The United States is a nation whose car romance presents itself in everything from high-minded literature (“On the Road”) to middlebrow music (“Paradise by the Dashboard Light”) to lowbrow films (“Road Trip”) — and all the SUV commercials in between. Pondering a less car-dependent society may therefore seem like an academic exercise. But it’s a more relevant endeavor than you might think.

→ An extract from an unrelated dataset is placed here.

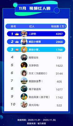 “视频红人榜”中,“二驴的”“疯狂小杨哥”“房岩小哥、”分别位居前三,此外,也有多位新晋达人入榜。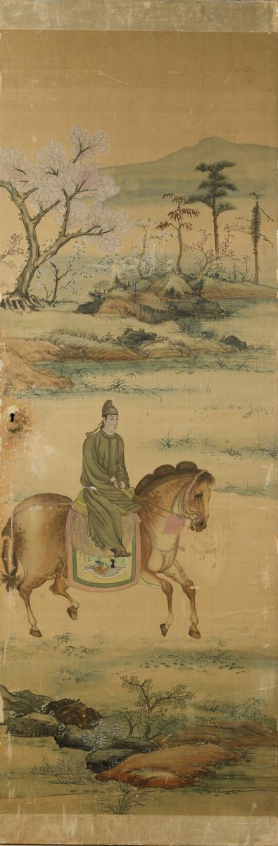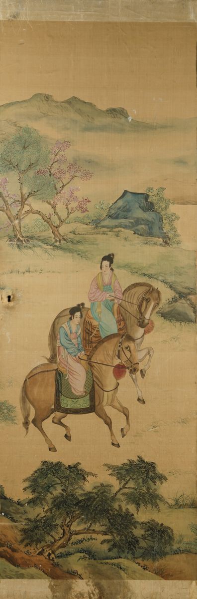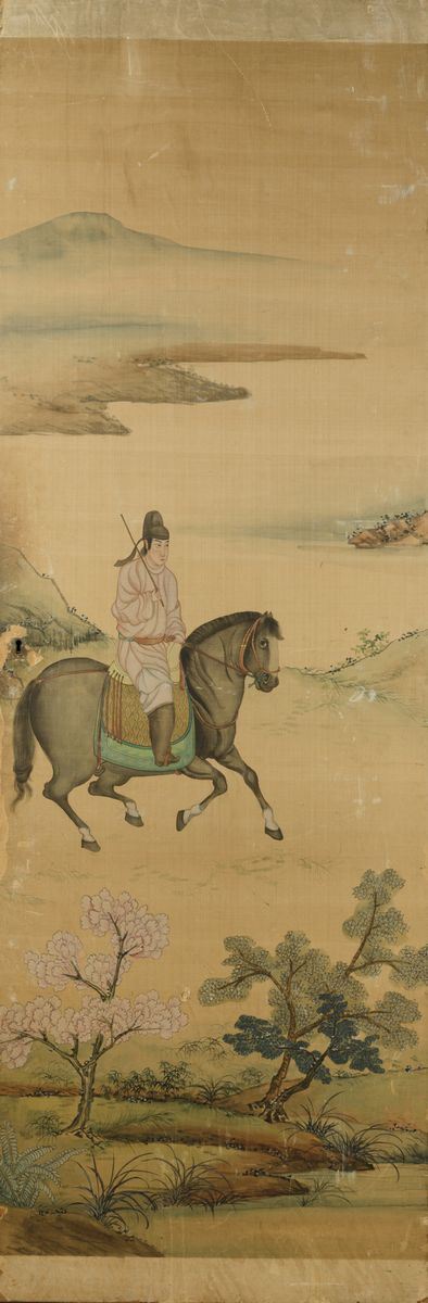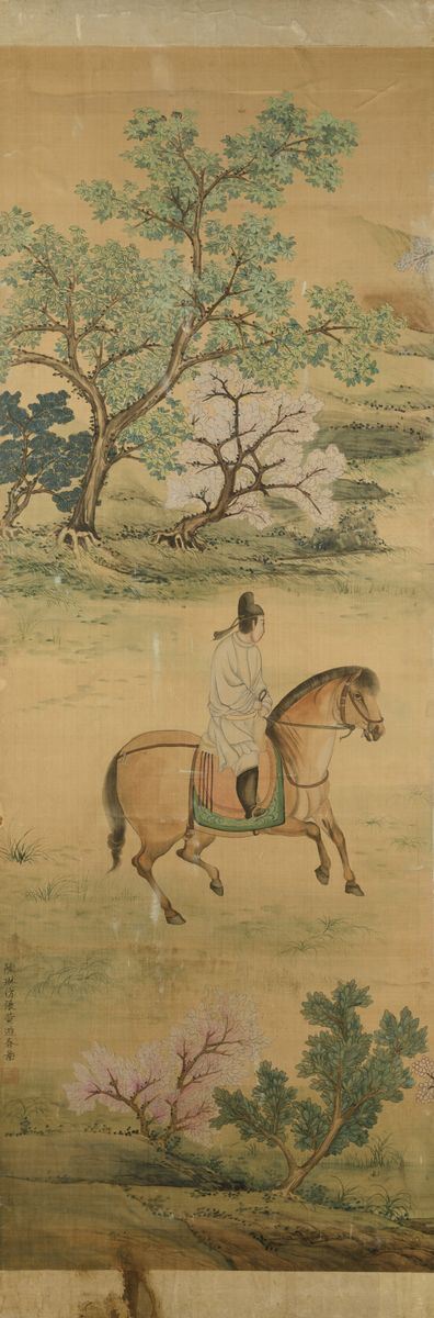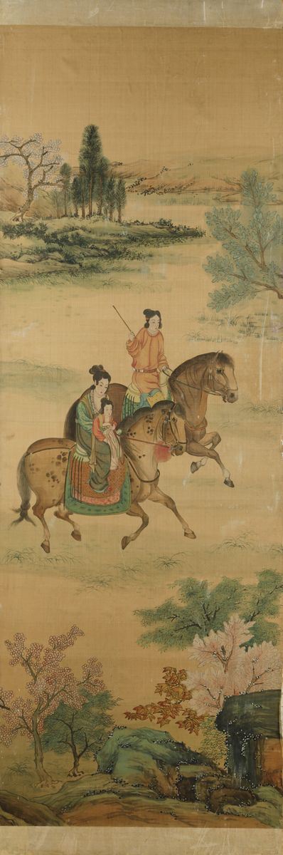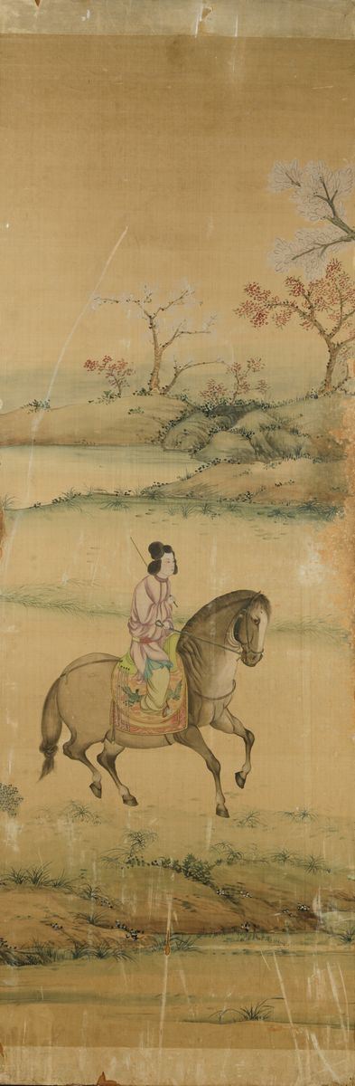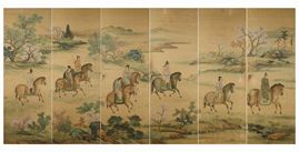1800s. Depicting characters riding horses in a landscape. Each panel: 181x60cm

Under the headline “Driving Is a Dying Activity in America,” Business Insider recently highlighted data showing that Americans are putting fewer miles on their cars than at any time since 1999. USA Today notes that this stunning decrease is a product of “factors ranging from the weak economy to high gas prices to aging boomers and teens driving less.”

That last trend is the most significant, because it’s not just about frugal parents momentarily prohibiting kids from driving during an oil-price spike. It’s also about young people’s preferences. As the New York Times just reported, “Many young consumers today just do not care that much about cars,” as evidenced by an 18 percent drop in teen driver’s licenses between 1998 and 2008. A generation ago, Ferris Bueller said that getting a computer instead of a car proved that he was “born under a bad sign” — but the Times cites a new poll showing 46 percent of today’s 18- to 24-year-olds say they would actually “choose Internet access over owning a car.”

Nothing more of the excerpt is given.